Claire Shipley, aged 27, from Brandesburton, East Yorkshire, went into labour at 26 weeks, meaning her son, Bobby needed urgent care at a Neonatal Intensive Care Unit (NICU).
A lack of capacity at her local maternity unit meant Claire was rushed to Sheffield’s Jessop Wing, leaving her terrified that she’d be unable to stay close to Bobby if he faced the complications that many premature babies endure.
Claire said: “I’d had a normal pregnancy, I didn’t have any sickness and I was in good health. The only thing that was mentioned during the scans was that Bobby was sitting low.
“One day I woke with pains in my back and lower abdomen, which got progressively worse throughout the night and the following morning. At first it was thought that I had pelvic girdle pain, but after being connected to a monitor and being seen by a doctor, it was confirmed that I was in early labour.
“Unfortunately there was no space at my local maternity hospital’s NICU, so I was transferred to the Jessop Wing by ambulance for procedures to delay my labour.

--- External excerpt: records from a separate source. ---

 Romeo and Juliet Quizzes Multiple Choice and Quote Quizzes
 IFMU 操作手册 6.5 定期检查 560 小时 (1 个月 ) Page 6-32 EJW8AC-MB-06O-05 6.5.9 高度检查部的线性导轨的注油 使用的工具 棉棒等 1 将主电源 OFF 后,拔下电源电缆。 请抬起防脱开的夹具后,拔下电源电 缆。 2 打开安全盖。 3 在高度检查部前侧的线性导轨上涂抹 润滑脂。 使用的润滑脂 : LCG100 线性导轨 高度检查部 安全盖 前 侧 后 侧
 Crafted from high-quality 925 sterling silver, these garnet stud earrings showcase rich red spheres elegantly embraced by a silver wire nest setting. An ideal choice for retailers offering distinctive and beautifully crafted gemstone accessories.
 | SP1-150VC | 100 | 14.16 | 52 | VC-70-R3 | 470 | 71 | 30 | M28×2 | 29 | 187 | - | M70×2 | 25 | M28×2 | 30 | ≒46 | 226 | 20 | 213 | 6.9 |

“Once I arrived I was given a steroid injection, but it was too late to put a stitch in. When I realised what was going to happen I was very scared but I wasn’t prepared for what did happen, I don’t think you ever could be.
“Bobby was born at 26+3 weeks, weighing just 2lb 4oz. He was put on a ventilator for the first eight weeks of his life, and had many complications including needing blood transfusions, infections, a bleed on the brain, scans and X-rays.

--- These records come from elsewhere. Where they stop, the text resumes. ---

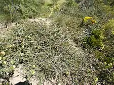 The flowers are yellow to lime-green and arranged in heads on the sides of the branches. Each head contains 5 to 15 individual flowers and is up to 45 mm (1.8 in) in diameter. The petals are 4.5–6.5 mm (0.18–0.26 in) long (compared to 3–3.7 mm (0.12–0.15 in) in M. longistaminea) and fall off as the flowers mature. The stamens are arranged in five bundles around the flowers and there are 9 to 24 stamens per bundle. The flowering period is from August to late November and is followed by fruit which are woody capsules 3.5–6.5 mm (0.14–0.26 in) long with teeth around the edges and in clusters along the branches.[2][3][4]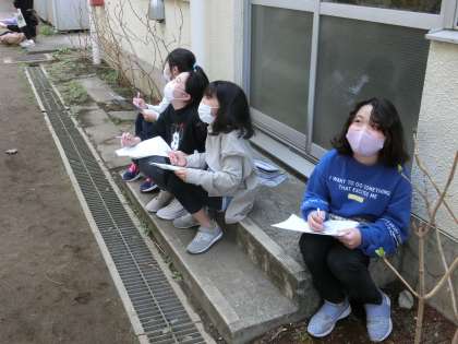 4年生の図工は学校にある木、近くの公園のある木をじっくり見て描きました。校舎の裏側の木をじっくり観察しているメンバーに感心しました。春の暖かな一日でした。外に出て、じっくり木を見つめる時間も立派な教育活動です。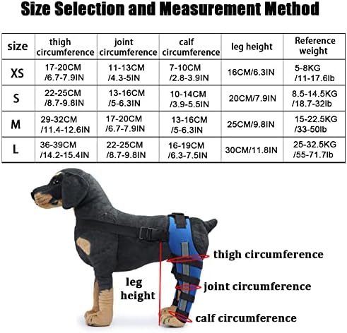 5. Adjustable Design: The dog acl knee brace support has 4 sizes, such as XS, S, M, L for your choice. Adjustable dogleg straps with Velcro help you tighten or loosen the stand for the desired effect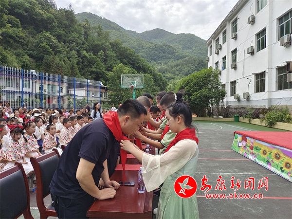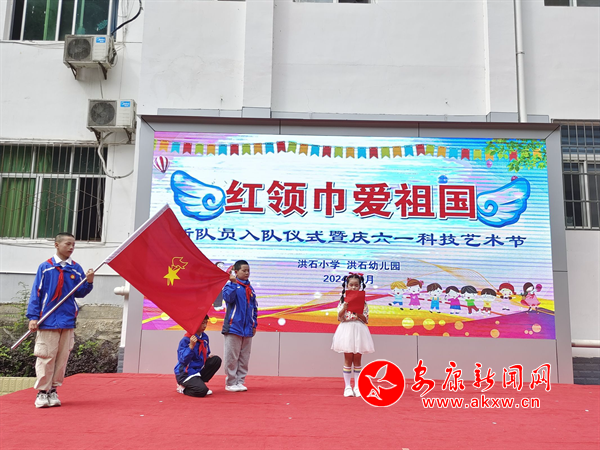 本网讯(通讯员 张萍)迎着火红的队旗,伴着嘹亮的号角,校园洋溢着节日的氛围,5月31日,镇坪县洪石小学隆重举行了“红领巾爱祖国”新队员入队仪式暨庆“六一”科技艺术节。镇坪县武装部、县民政局、县人社局、县招商局、县林业局、西安航空学院等相关领导出席此次活动,并为学校带来教育帮扶资金,给孩子们送来了篮球、书包等礼品并致以节日的慰问。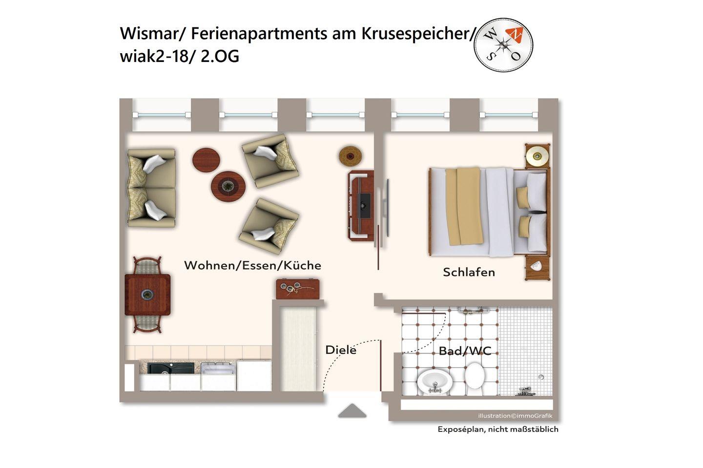 Das 36 m² große 2-Zimmer Apartment, wiak2-18, befindet sich in den Upstalsboom Ferienapartments am Krusespeicher und ist für bis zu 3 Personen geeignet. Das modern konzipierte Apartment verfügt über kostenfreies WLAN und Fußbodenheizung.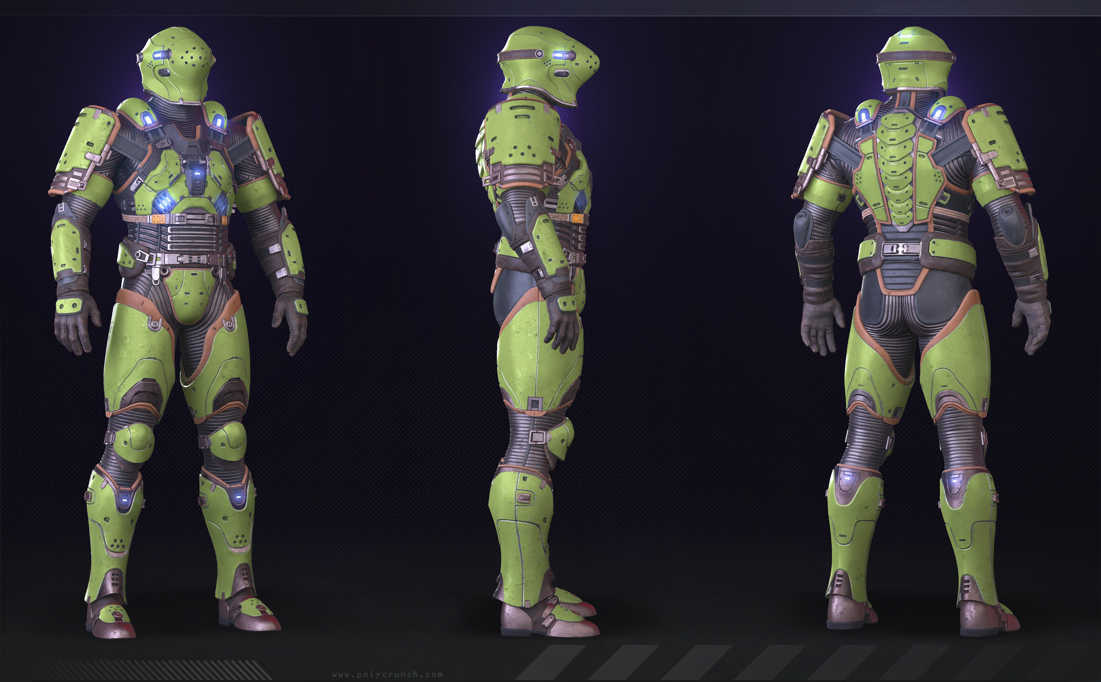 I’ve been a long-time admirer of Ariel Perez’s aesthetic, and for this project, I wanted to bring one of his iconic concepts into a real-time environment. To ensure the character could handle complex deformations and maintain mechanical plausibility in Unreal Engine, I adapted the design to a more athletic body type. This allowed for a deeper exploration of the person beneath the helmet while keeping the spirit of the original silhouette intact.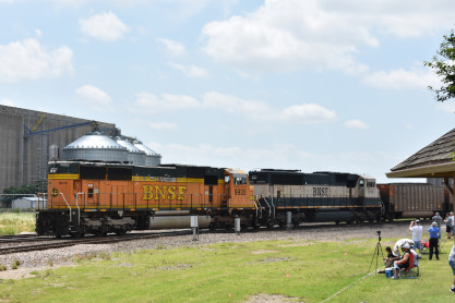 BNSF 5901 East with DPU 9798 and 9935. I ended my call then went inside for the ATCS program which was excellent.

“As he wasn’t stable enough to be moved to our local hospital, I was worried that if we weren’t allowed to stay on the ward, how we would be able to afford hotel accommodation. Going home each day wouldn’t have been an option.

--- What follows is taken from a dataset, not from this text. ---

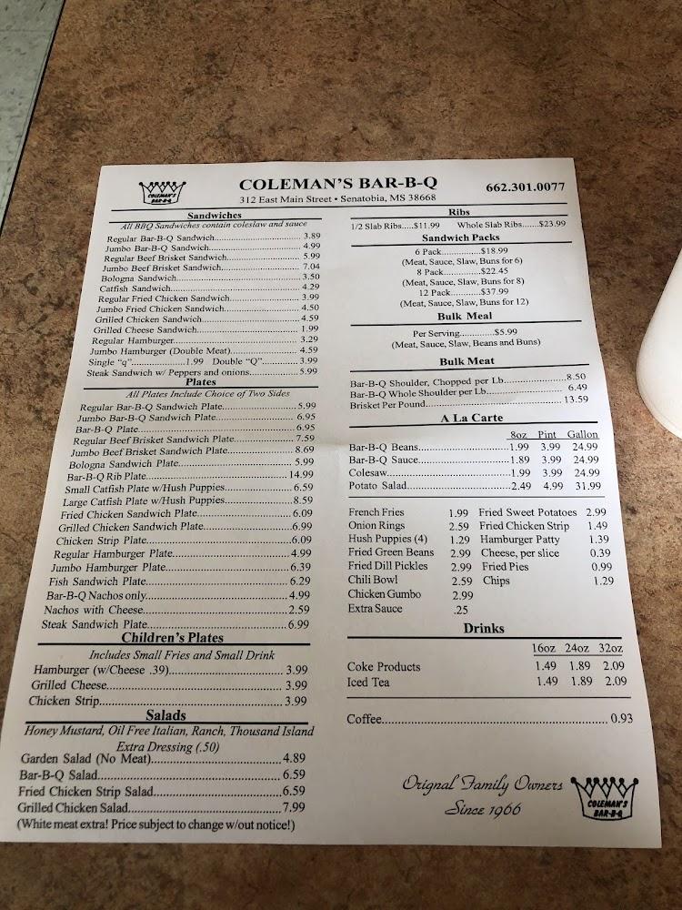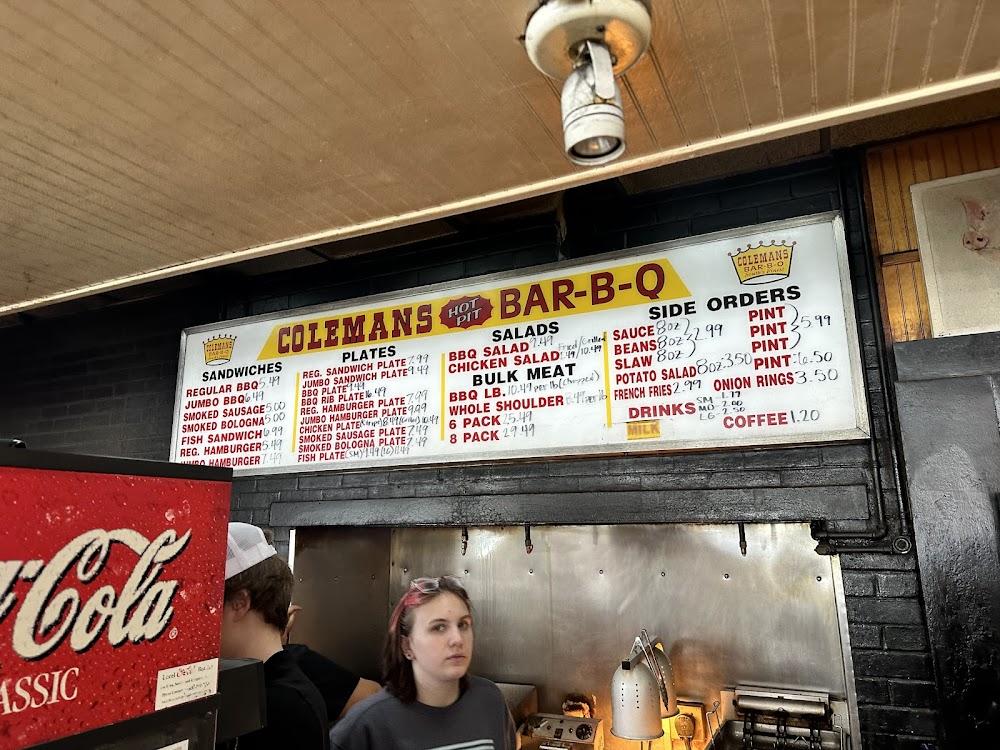 Coleman's menu showcases classic Southern BBQ with items that cater to diverse preferences. Breakfast shines with choices like egg sandwiches and grits. Lunch and dinner feature scrumptious BBQ options including pulled pork and ribs. Each item, seasoned well, promises a delightful taste journey. Prices remain budget-friendly, ensuring everyone can enjoy a rich dining experience without breaking the bank.

“But then we were offered one of the parent accommodation flats just around the corner. I was so relieved.”
Babies receiving their care on the Neonatal Intensive Care Unit are amongst the poorliest in the country. For parents this means spending weeks, even months in hospital not knowing if their child will survive.
Like Claire, many in this situation have no choice but to commute between hospital and home for the duration of their child’s stay because they cannot afford to stay close to NICU.
Most families from across the region are desperate to stay close to their babies, to have a place they can call ‘home’, emotionally recharge, eat and sleep in the comfort that in the case of an emergency they are a just a few minutes from their child.
Thanks to the generous support of local people, Sheffield Hospitals Charity has been able to fund the conversion of four flats, just five minutes walk from the Jessop Wing. The family accommodation, is a place that mums and dads can call their own for as long as their baby is receiving care.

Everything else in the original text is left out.